A desk bristling with more flight sticks, throttles, wheels, panels, pedals, and gamepads than a space shuttle command deck may be a wondrous sight and shrine to gaming, but there’s a lot to be said for slumping on a sofa in front of a TV or curling up in bed. “But Alice,” I hear you ask, “I don’t want to schlep my PC around and only have a netbook so what ever am I to do?” Dear reader, through the science of computers, you can now easily stream games from your gaming PC to anything in your home that’ll run Steam.

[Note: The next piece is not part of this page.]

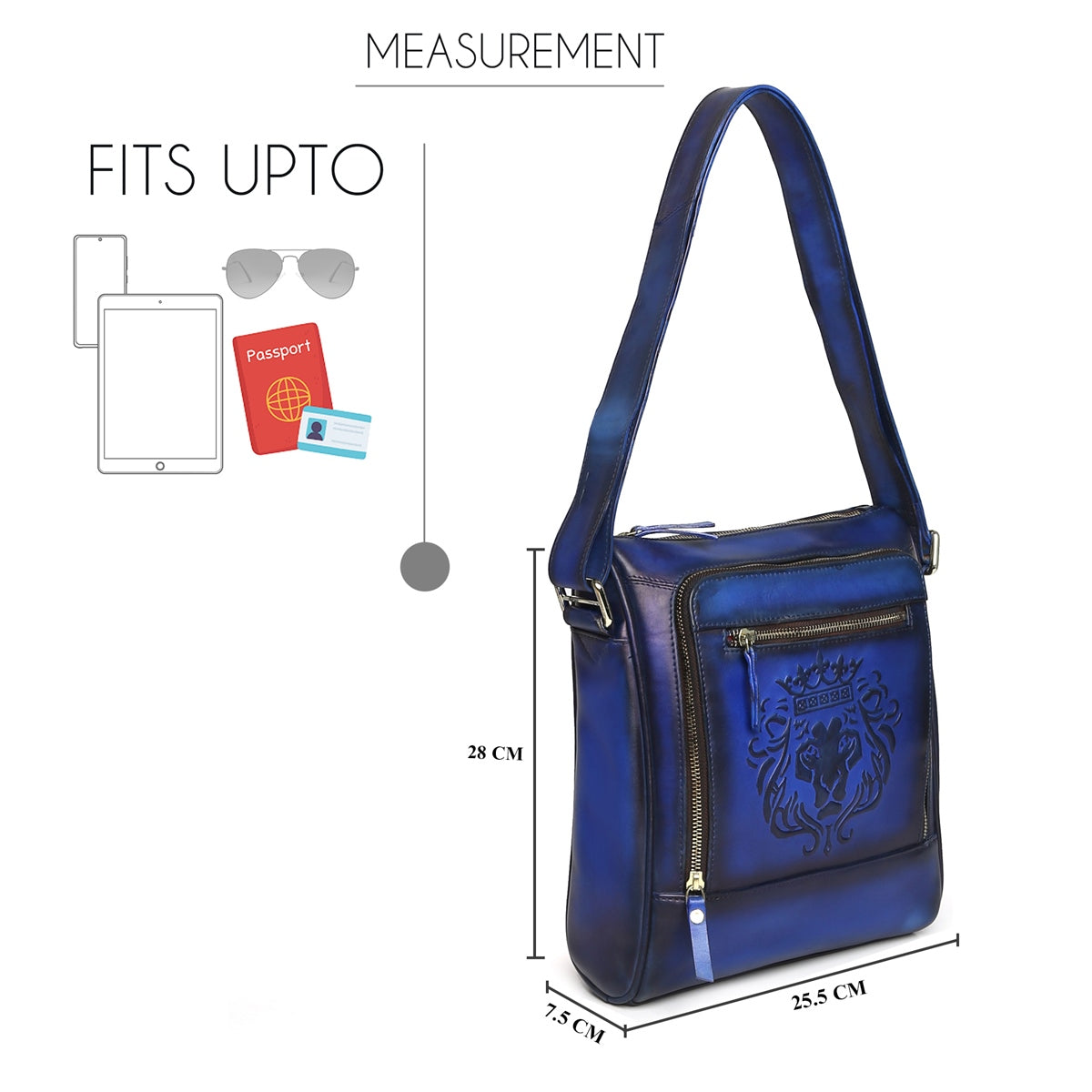 Cross Body Bag In Blue Leather with Embossed Lion

In-Home Streaming is pretty much what the name suggests. You can use your big beefy gaming PC to run a game then Steam will stream it as video to a lesser device, feeding your control inputs back to the host computer. In short, you should be able to play shiny new games around the home even on your crummy laptop with its integrated graphics. This technology means you’ll inevitably suffer a little bit of input latency, and your two systems need to be powerful enough to handle encoding or decoding the video stream (though Steam’s quite clever about adjusting this).

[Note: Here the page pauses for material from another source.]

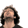 Marc Jam from Trackmania, a man with curly hair and glasses, slowly looks up with an expression of ecstasy.

This isn’t the only way to stream games between devices, of course, but it’s right there in Steam–right there!–and seems pretty slick.
Our Alec and Graham both had a crack at In-Home Streaming back in January. While they suffered a bit from having wonky home networks and slow client computers, they seemed jolly impressed by its potential. Valve have obviously worked on it a lot more since then, with patches coming almost every other day. Let’s see how it is now.